On the one hand, the privileged site of the location, in Alella, not far from Barcelona: a rough plot, with views towards the sea, and with the remains of a Mediterranean pine forest. On the other, the well preserved structure of the pre-existing building, also spatial, even with the construction limitations typical of its time.
Intersecting with the pre-existing construction and its structure, the needs established by a new costumer provided the new gaze at the building with new intentions and potentialities. In this case, it was decided to face the pre-existing construction as a territory from which a new order was applied. An abstract order that bends over the functional nodes of the pre-existing one. That is, an educated way of explaining the preservation of most of its previous structure and installation nodes.
The project is configured through the intersection of the existing volume but with a series of new three-dimensional cubicles. These elements are both the extension of the functional interior programme and lookouts, either towards the surrounding landscape or towards the pre-existing interior. In a certain way, it is almost as if we force Richard Long to relocate Donald Judd’s elements in Marfa. As a functional extension of the interior, the cubes reveal the conditions of the new use, bedroom, bath, kitchen or just the living space. Simultaneously, they explain the new conditions of the place and the new way of using it. They see and they are seen, they interpret and they are interpreted.
These new framed rooms are characterised by their condition of intermediate spaces. They establish new relationships between the pre-existing building and the surrounding nature. They are built with a new material; therefore, they stand out from the white rendering of the existing construction. By using a material with patina, they transmit a calculated ambiguity. In a certain way, the potentiality expressed by the new cubes, the looks framed by the new elements were already there.
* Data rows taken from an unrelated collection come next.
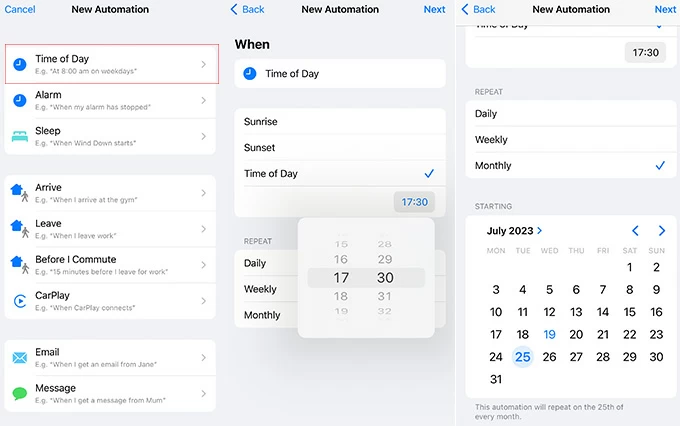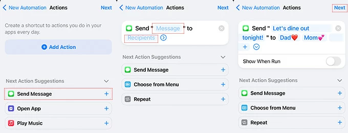 Step 4: Tap Next when time is set up, and then add the action Send Message.
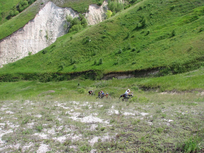То ли ручеек, то ли болотце, прямо перед тем, как уперлись в овраг, пока переходил сие чудо из влаги, мела и зелени, чуть не потонул (обувка чуть по щиколотку не ушла в меловую жижу, за высокой травой не заметно). seliff тоже что-то подобное нашел, а то мы все гадали, где же он мог так испачкаться (ноги и штаны) в 35 градусную жару-то, когда вокруг так СУХО.
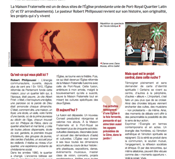 Une église protestante à Paris, ouverte à chacun et chacune, située sur deux lieux, La Maison Fraternelle (5e arr.), le Temple de Port Royal (13e arr.)

The sea was there. That singular pines were there. The garden and the pool where there. They are prior to the new construction.
This old-new material duality is also transferred to the interior of the house. The frames, externally covered with weathering steel, are embedded into the existing walls finished in walnut wood, and extending carpets with the same material further inside the rooms. They are therefore creating new areas of function, characterizing once again the pre-existing spaces. They simultaneously reveal new functions of the building or new glances towards the landscape. They modify that relationship between what is built and the natural site. They modify, as a consequence, life itself.